As to its request for modification, Magistrate Judge Wang said the order in part was due to the fact that OpenAI had not yet responded to the January 2025 inquiry about what steps could be taken to preserve output data.  OpenAI’s recent declaration that it is taking steps to preserve output allows the court to focus on relevance and proportionality questions, Magistrate Judge Wang said.

Magistrate Judge Wang then said that at the Jan. 22 conference she specifically addressed the argument that the deleted outputs would not deviate from the representative sample OpenAI has already produced.  The problem is that it’s possible that some ChatGPT user got around the restrictions and was able to access paywalled material, and having learned of the lawsuit against OpenAI requested deletion of the outputs, Magistrate Judge Wang said. 
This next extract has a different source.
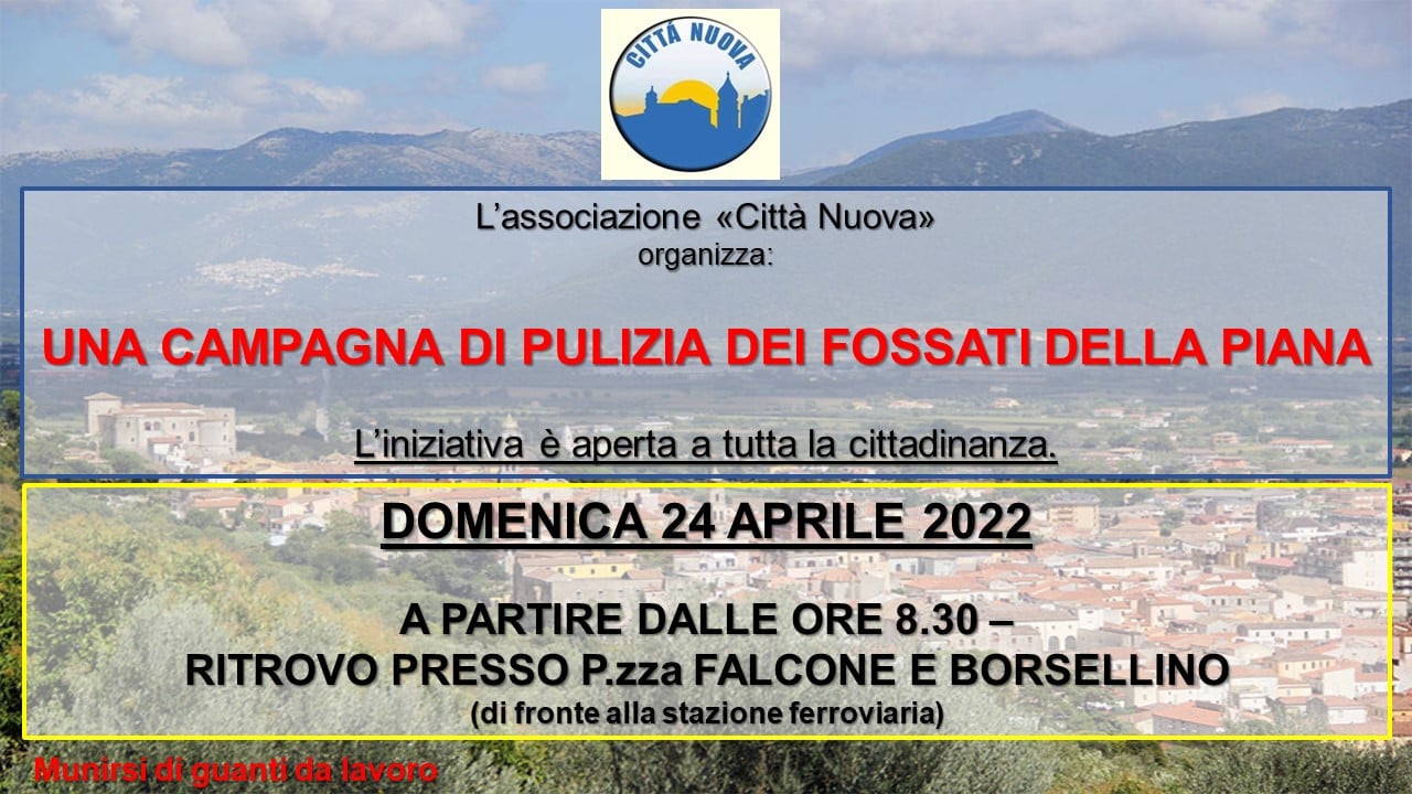 VENAFRO – L’associazione “Città Nuova” organizza per domenica 24 aprile 2022 una campagna di pulizia dei fossati della Piana di Venafro.

Magistrate Judge Wang also found that there were open questions about the proportionality of requiring preservation of the outputs.  OpenAI has partially addressed the issue by directing the court to the technical problems and privacy considerations output preservation implicates.  But the parties can meet and confer on these issues.  At the time, the issues cited by OpenAI do not require modification of the order, Magistrate Judge Wang said.

Opposition

In the supplemental opposition, OpenAI says “While nothing could justify such a blatant affront to user privacy, News Plaintiffs’ stated rationale is particularly weak.  In effect, News Plaintiffs ask the Court to override the decisions of OpenAI’s users in order to facilitate a dragnet for evidence there is no reason to believe exists, much less in any material amount.”
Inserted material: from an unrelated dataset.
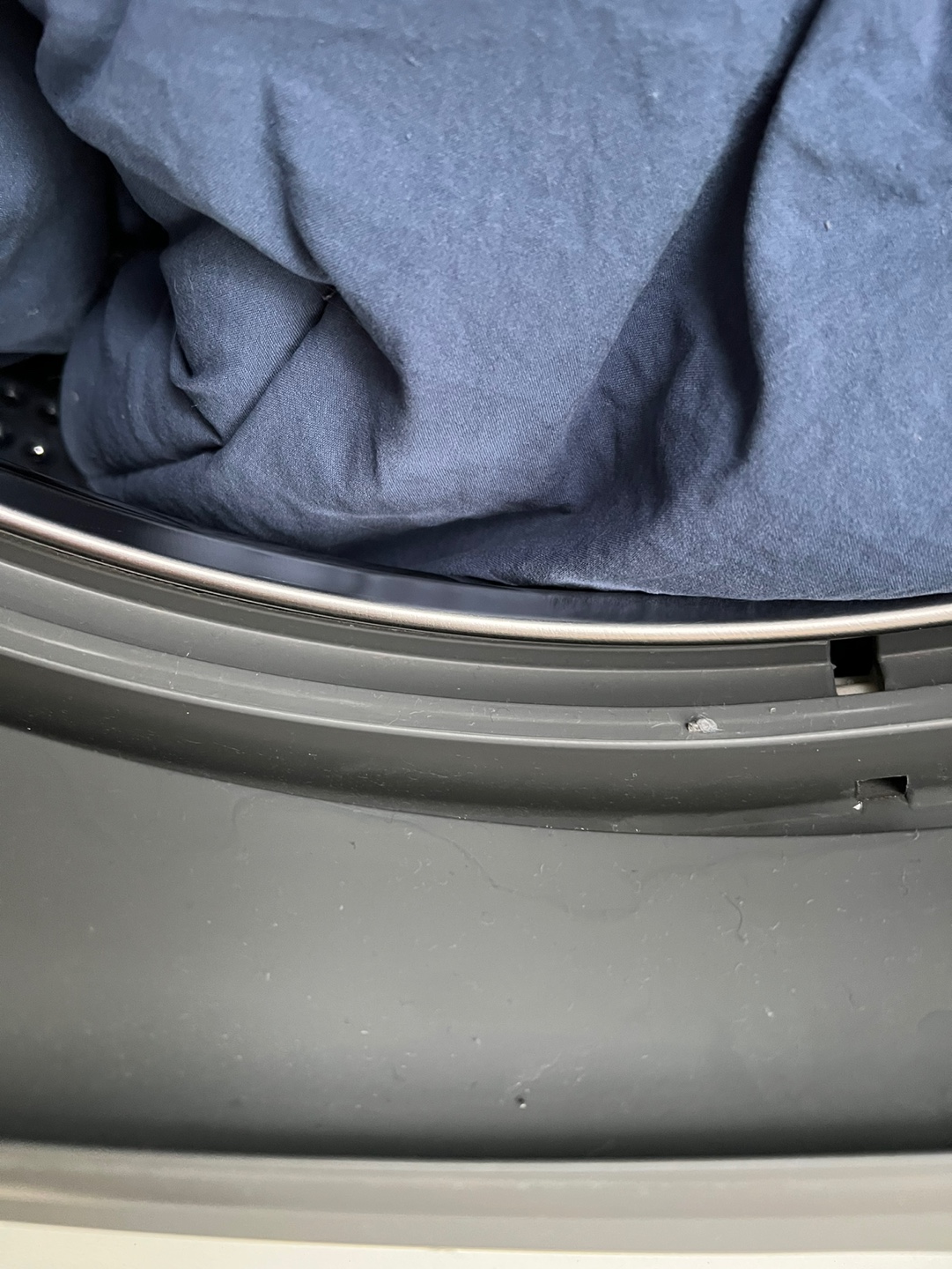 세탁기의 고무 부분에도 먼지가 붙어 있는 게 보인다

Instead of blanket preservation, OpenAI says it has posed a way forward that allows for preservation of potentially relevant outputs, which the plaintiffs rejected.  OpenAI says the question isn’t whether OpenAI wants the records destroyed, but whether its users want the records destroyed.  OpenAI says that it is “strongly committed to user privacy” and that those users should have a say in what happens to their data.  OpenAI notes that ChatGPT outputs include everything from the mundane like household budgets to the personal like wedding vows and the highly confidential, such as business plans and information.

OpenAI says that it has already taken steps to comply with the court’s ruling but that full compliance “will require OpenAI to undertake a massive project to overhaul and rebuild elements of its core data infrastructure” and complicates efforts to meet data privacy rules and regulations around the world.

Counsel

The news plaintiffs are represented by Steven Lieberman of Rotwell, Figg, Ernst & Manbeck PC in Washington, D.C., Ian B. Crosby of Susman Godfrey LLP in Seattle and Matt Topic of Loevy & Loevy in Chicago. 

OpenAI is represented by Joseph C. Gratz of Morrison & Foerster LLP in San Diego, Edward A. Bayley of Van Nest & Peters LLP in San Francisco and Elana Nightingale-Dawson of Latham & Watkins LLP in Washington.

(Additional documents available: Bramble’s motion to intervene.  Document #46-250604-074B.  Order on reconsideration and modification.  Document #46-250604-042R.  OpenAI’s letter motion.  Document #46-250604-043M.  Order on output preservation.  Document #46-250604-024R.  Spoliation order.  Document #46-250604-027R.  News plaintiffs’ letter.  Document #46-250604-025B.  OpenAI’s letter.  Document #46-250604-026B.  MDL transfer order.  Document #46-250604-028R.)